**Activity**: Nothing below is to be printed except the lines between the line holding "퍼져 있어요. 한라산" and the line holding "Handmade | Double", inclusive, each exactly as it appears.
:: Recorded information
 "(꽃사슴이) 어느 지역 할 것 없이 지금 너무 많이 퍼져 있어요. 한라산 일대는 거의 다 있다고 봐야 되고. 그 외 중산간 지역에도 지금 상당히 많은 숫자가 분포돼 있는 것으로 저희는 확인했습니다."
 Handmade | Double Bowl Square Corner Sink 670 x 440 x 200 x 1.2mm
::::
:: Recorded information
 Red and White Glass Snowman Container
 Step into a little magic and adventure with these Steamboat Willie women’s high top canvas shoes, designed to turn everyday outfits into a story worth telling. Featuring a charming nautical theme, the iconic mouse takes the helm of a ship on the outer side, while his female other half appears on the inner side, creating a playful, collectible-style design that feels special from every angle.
::::
**Response to the task**:
 "(꽃사슴이) 어느 지역 할 것 없이 지금 너무 많이 퍼져 있어요. 한라산 일대는 거의 다 있다고 봐야 되고. 그 외 중산간 지역에도 지금 상당히 많은 숫자가 분포돼 있는 것으로 저희는 확인했습니다."
 Handmade | Double Bowl Square Corner Sink 670 x 440 x 200 x 1.2mm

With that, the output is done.